Quantization maps continuous floating-point values to discrete integer values:
FP16 (16-bit float) → INT8 (8-bit integer) → INT4 (4-bit integer)
| Precision | Memory/Param | 7B Model | 70B Model |
|---|---|---|---|
| FP32 | 4 bytes | 28 GB | 280 GB |
| FP16/BF16 | 2 bytes | 14 GB | 140 GB |
| INT8 | 1 byte | 7 GB | 70 GB |
| INT4 | 0.5 bytes | 3.5 GB | 35 GB |
Quantization Methods Comparison
| Method | Speed | Quality | GPU Required | Best For |
|---|---|---|---|---|
| GPTQ | Fast | Good | Yes (inference) | GPU deployment |
| AWQ | Fast | Better | Yes (inference) | GPU deployment |
| GGUF/GGML | Medium | Good | No (CPU/GPU) | Local/edge |
| bitsandbytes | Fast | Good | Yes | Training/fine-tuning |
| EETQ | Fastest | Good | Yes | High throughput |
GPTQ: GPU Quantization
GPTQ (Generalized Post-Training Quantization) is designed for GPU inference with minimal accuracy loss.
Using Pre-quantized Models
from transformers import AutoModelForCausalLM, AutoTokenizer
model_id = "TheBloke/Llama-2-7B-GPTQ"
tokenizer = AutoTokenizer.from_pretrained(model_id)

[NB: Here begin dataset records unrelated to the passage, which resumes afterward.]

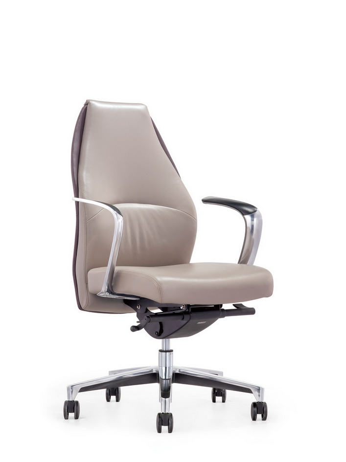 Stolen leveres i beste kvalitets skinn og lagerføres i brun/beige (som bilde) eller i sort. Kryss og armlener i polert aluminium. Synkron mekanisme med tyngderegulering og låsing av vipp i ønsket posisjon. Gasslift for høyderegulering. Som konferansestol kan den leveres uten armlener og glidere i stede for trinser. Som tillegg kan stolen leveres med memory lift som vender stolen tilbake til utgangsposisjon etter bruk. |
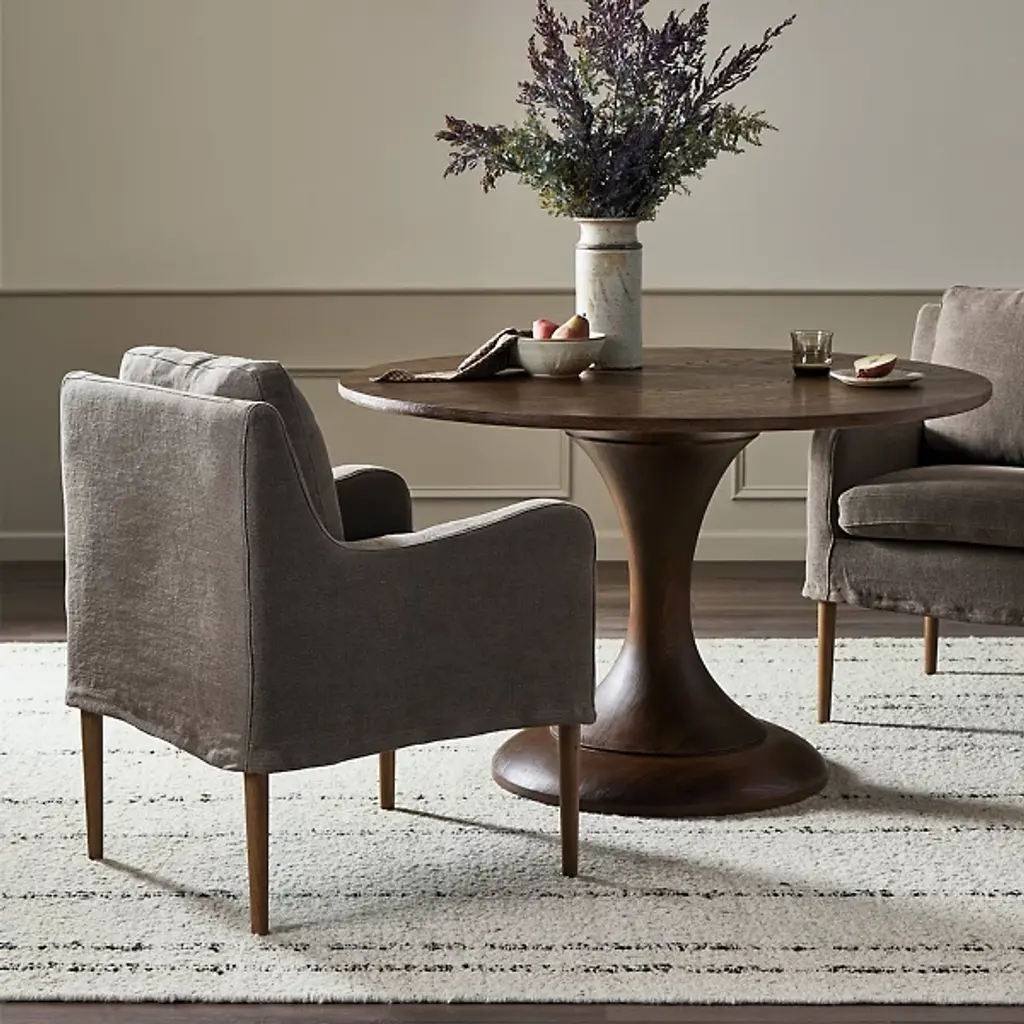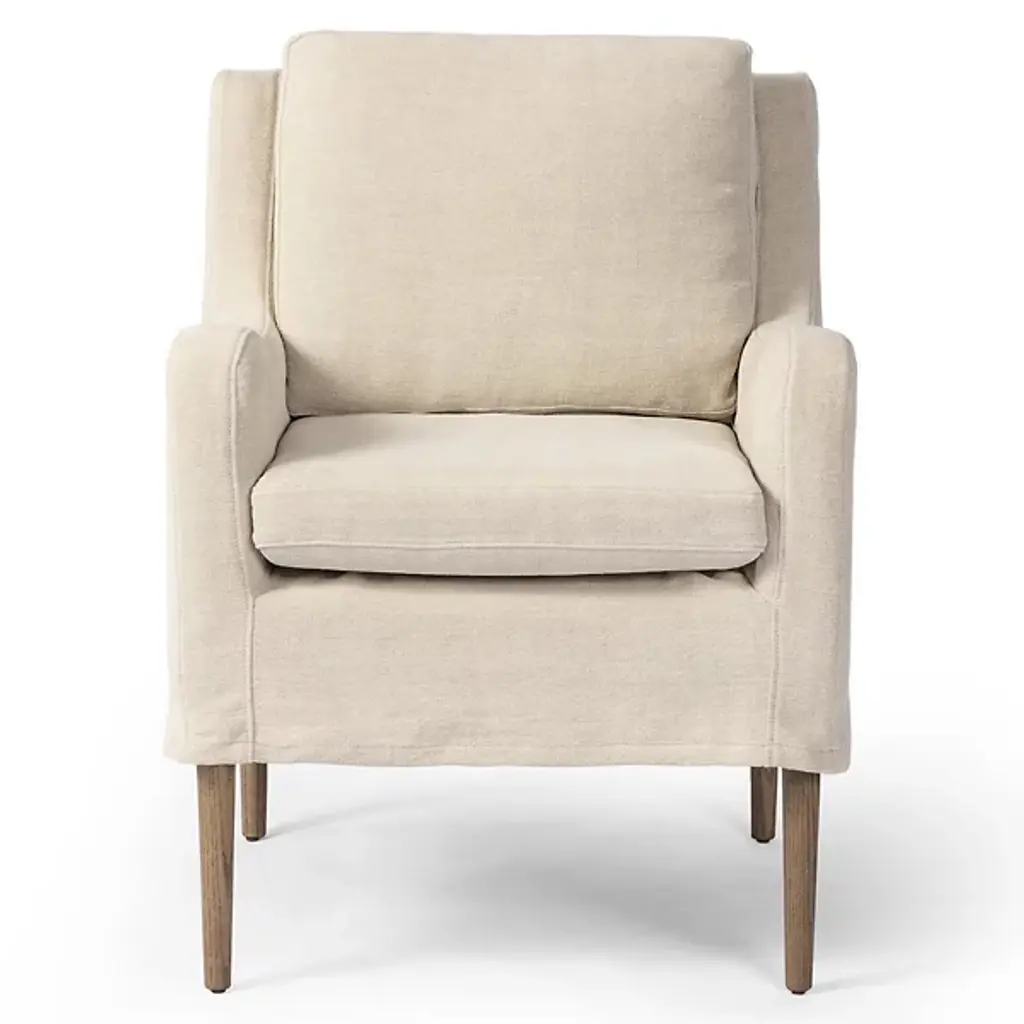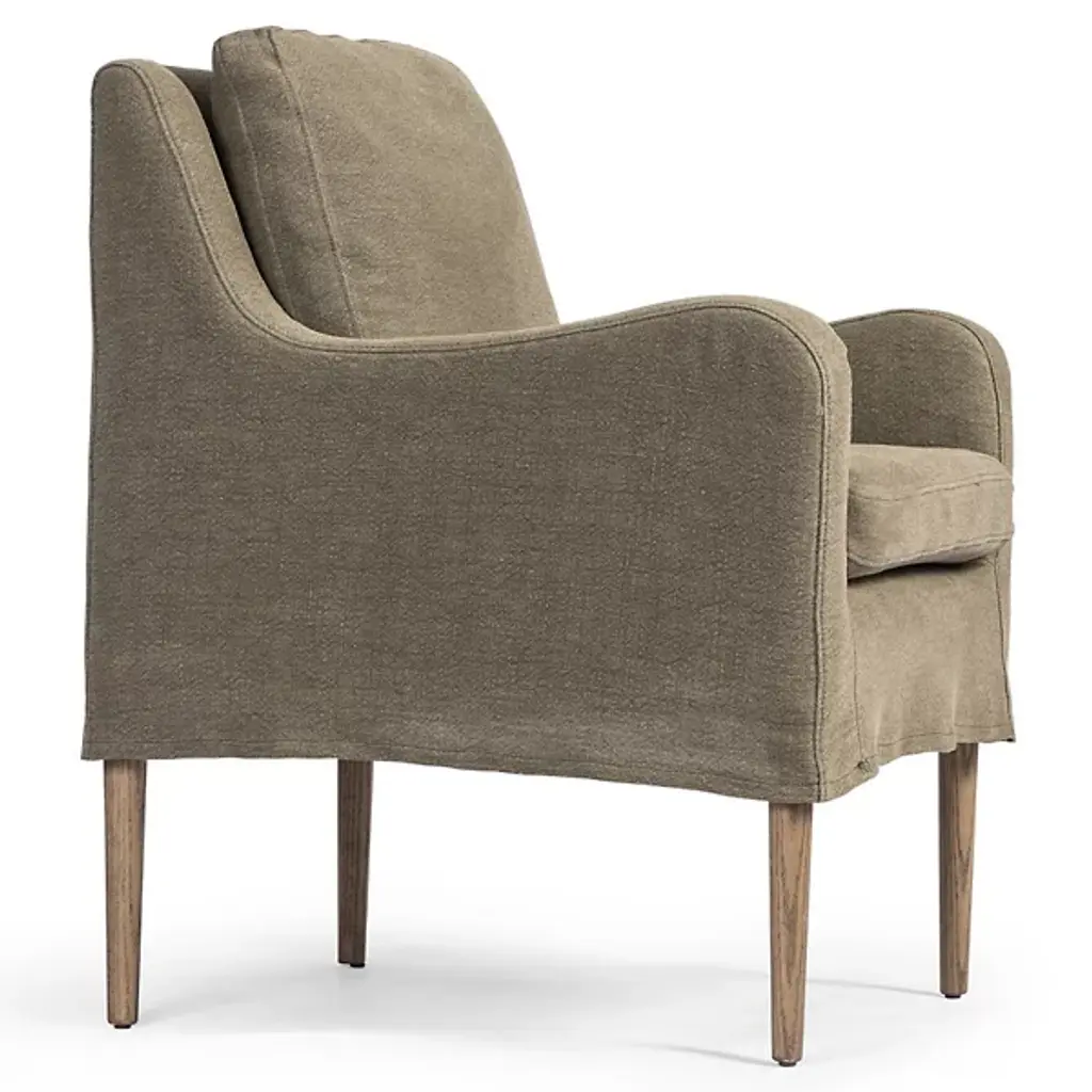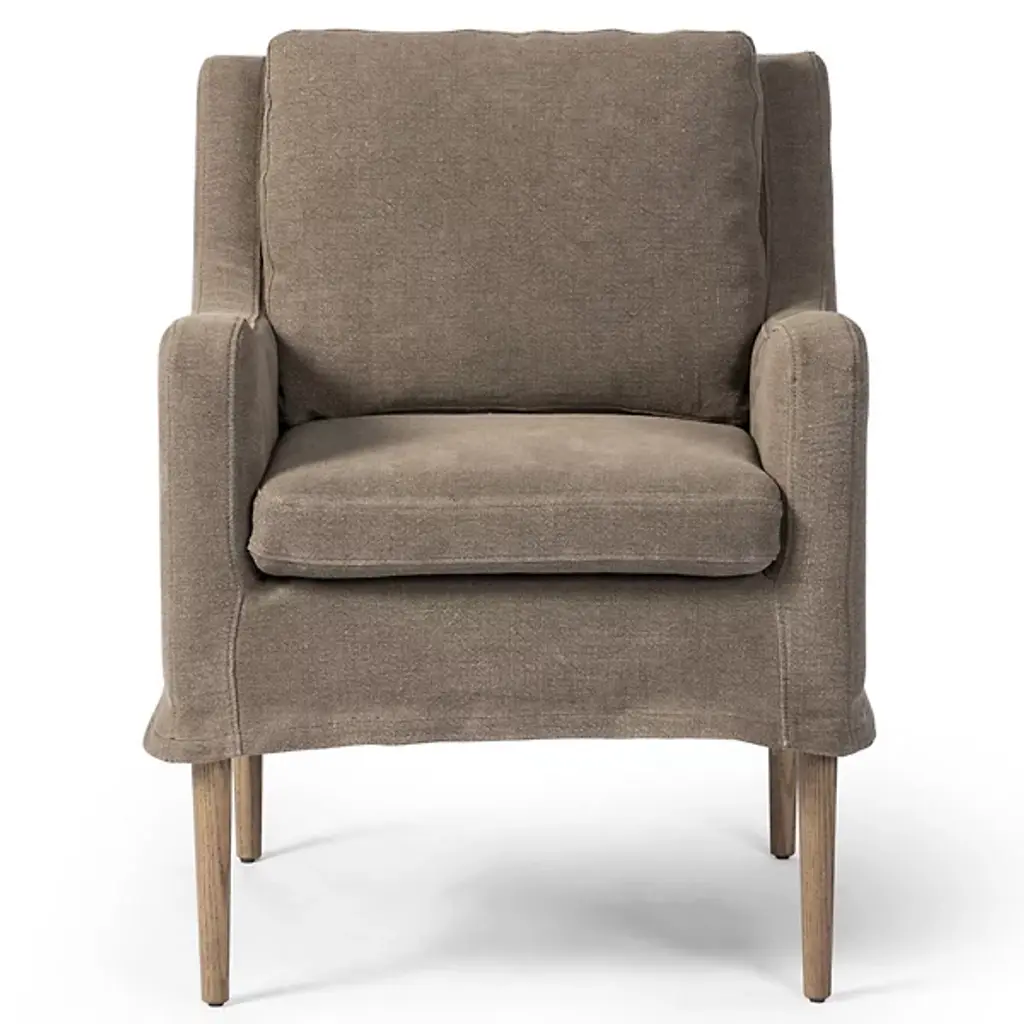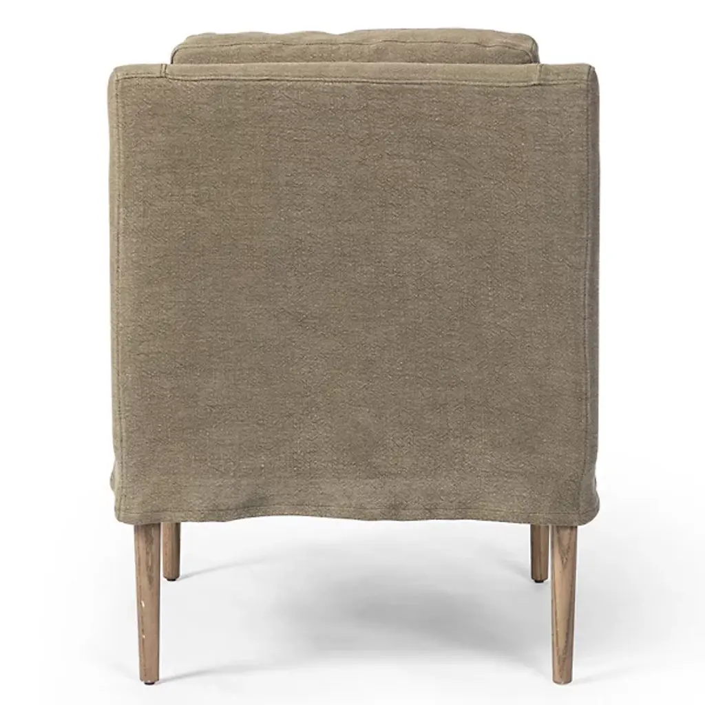 Crafted for comfort and style, the Amber Lewis x Four Hands Aurelia Dining Chair from Four Hands features a sturdy solid oak frame complemented by plush polyester upholstery with flax/linen blend fabric. Its classic design adds an elegant touch to any dining space, while the cushioned seat ensures a cozy seating experience. From a collaboration of Amber Lewis X Four Hands, it is perfect for long dinners and gatherings; this chair seamlessly combines durability with sophistication, making it a versatile addition to your home decor.
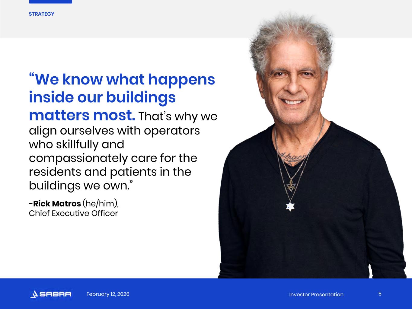 LOREM IPSUM Heading February 12, 2026 Investor Presentation Our passion for quality care and deep industry experience uniquely position Sabra to succeed in the dynamic healthcare real estate market. We have the size, know-how and resilient balance sheet necessary to deliver long-term value to shareholders. Uniquely Positioned to Thrive 4
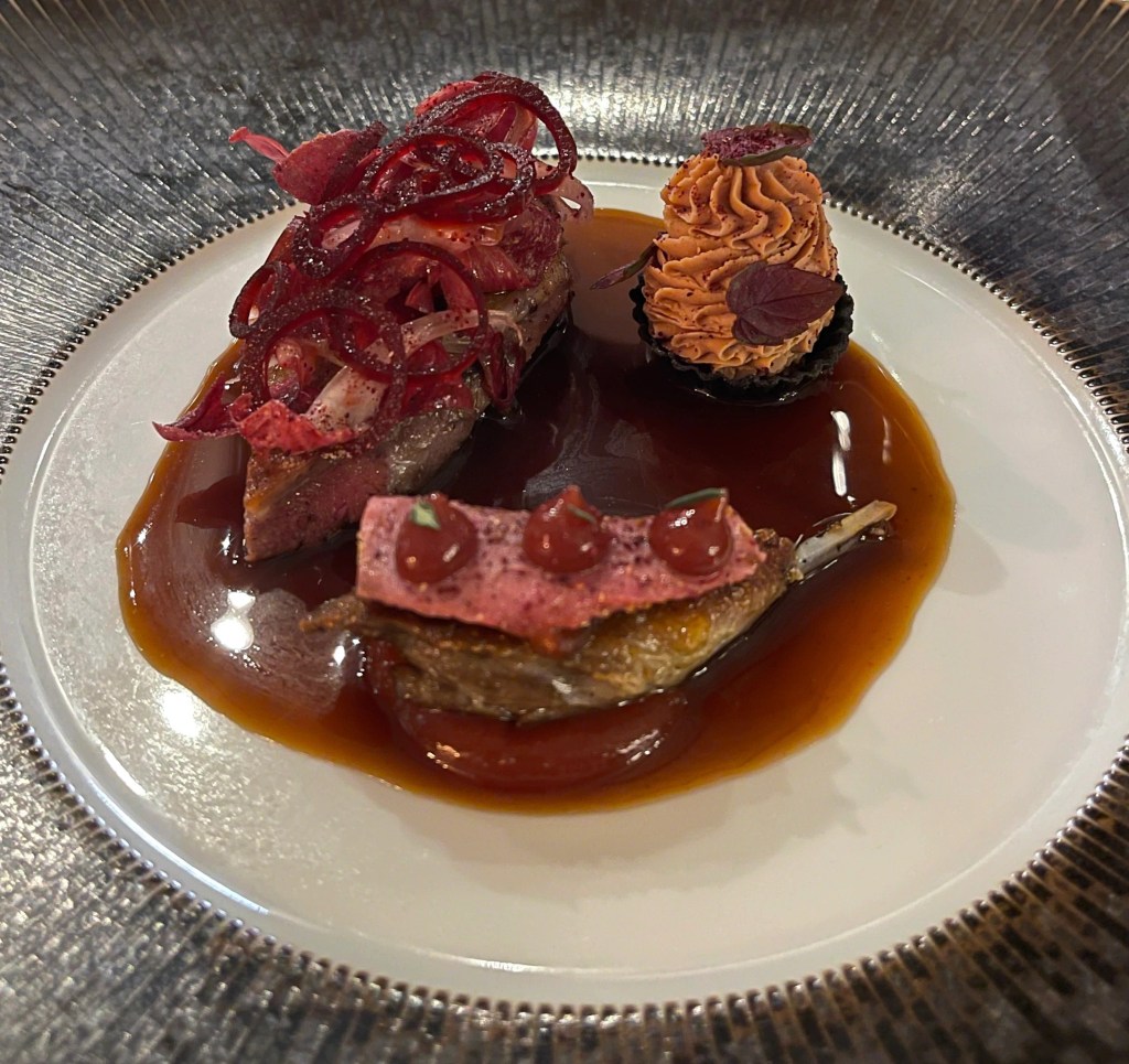 I won’t describe all the dishes this time, suffice to say the 1st course was a belter, I recognised the Cheese Scone, a delicious speciality of No.6 and featuring on the menu twice in different guises, the accompanying Blanc de Noirs from Alfriston in East Sussex, a pleasant treat being a UK sparkling wine, it was perfect.
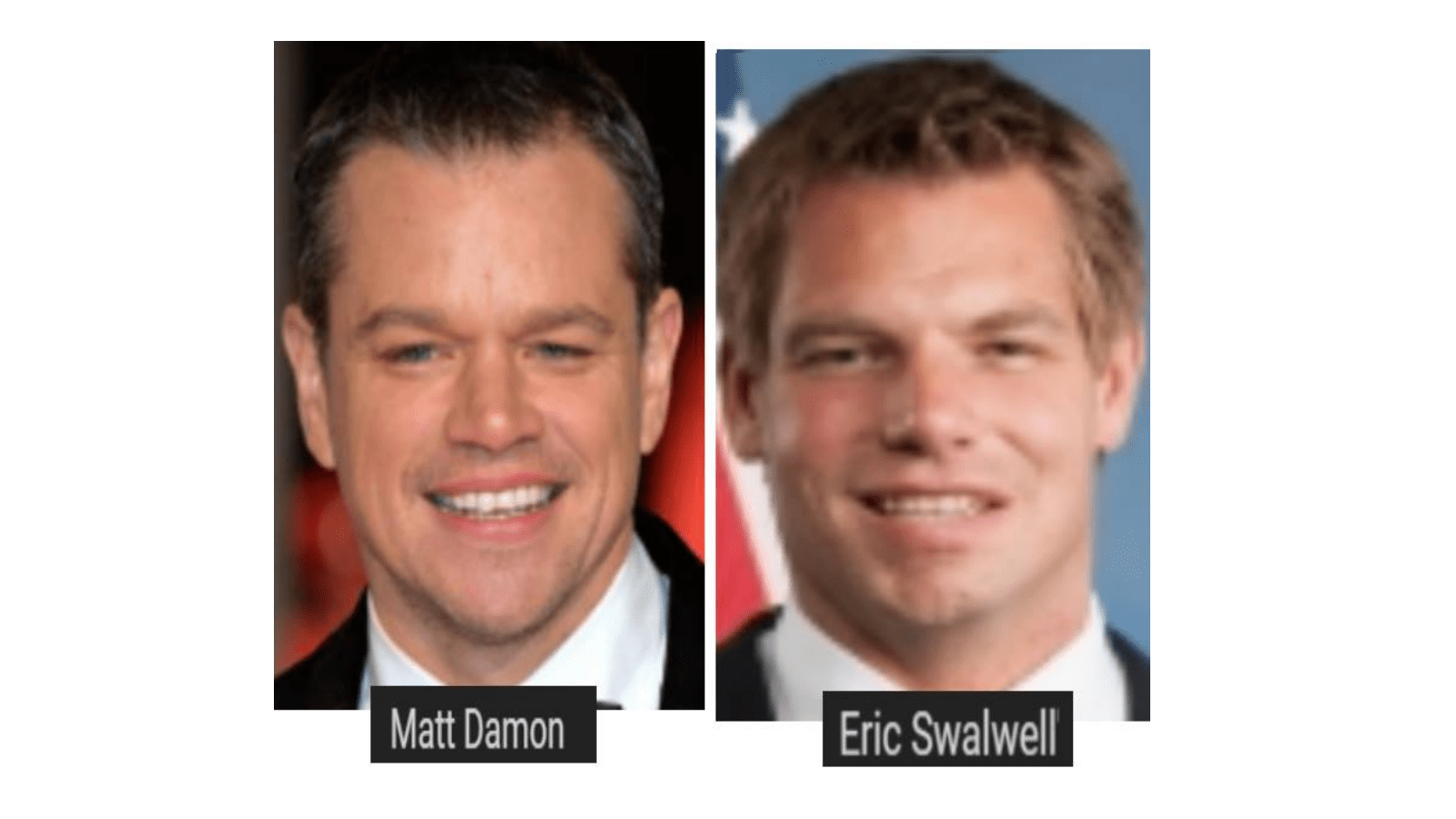 January 27, 2019January 30, 2019 U.S. Rep. Eric Swalwell = Matt Damon, actor … EXPOSED HERE 1ST! Share this: Share on X (Opens in new window) X Share on Facebook (Opens in new window) Facebook Like Loading... Related

model = AutoModelForCausalLM.from_pretrained(
model_id,
device_map="auto",
trust_remote_code=True
)
# Generate
inputs = tokenizer("Hello, how are you?", return_tensors="pt").to("cuda")
outputs = model.generate(**inputs, max_new_tokens=50)
print(tokenizer.decode(outputs[0]))
Quantizing Your Own Model
from transformers import AutoModelForCausalLM, AutoTokenizer, GPTQConfig
model_id = "meta-llama/Llama-2-7b-hf"
# Load tokenizer
tokenizer = AutoTokenizer.from_pretrained(model_id)
# Prepare calibration dataset
calibration_data = [
"Machine learning is a field of artificial intelligence",
"Deep learning uses neural networks with many layers",
"Natural language processing deals with text data",
# Add more diverse examples (typically 128-512 samples)
]
# Quantization config
quantization_config = GPTQConfig(
bits=4,
dataset=calibration_data,
tokenizer=tokenizer,
group_size=128,
desc_act=True
)
# Load and quantize
model = AutoModelForCausalLM.from_pretrained(
model_id,
quantization_config=quantization_config,
device_map="auto"
)
# Save quantized model
model.save_pretrained("llama-2-7b-gptq-4bit")
tokenizer.save_pretrained("llama-2-7b-gptq-4bit")
With AutoGPTQ Library
from auto_gptq import AutoGPTQForCausalLM, BaseQuantizeConfig
from transformers import AutoTokenizer
model_id = "meta-llama/Llama-2-7b-hf"
quantized_model_dir = "llama-2-7b-4bit-gptq"
# Load tokenizer
tokenizer = AutoTokenizer.from_pretrained(model_id)
# Prepare examples
examples = [
tokenizer(text, return_tensors="pt")
for text in calibration_texts
]
# Quantize config
quantize_config = BaseQuantizeConfig(
bits=4,
group_size=128,
desc_act=True,
damp_percent=0.1
)
# Load model
model = AutoGPTQForCausalLM.from_pretrained(
model_id,
quantize_config=quantize_config
)
# Quantize
model.quantize(examples)
# Save
model.save_quantized(quantized_model_dir)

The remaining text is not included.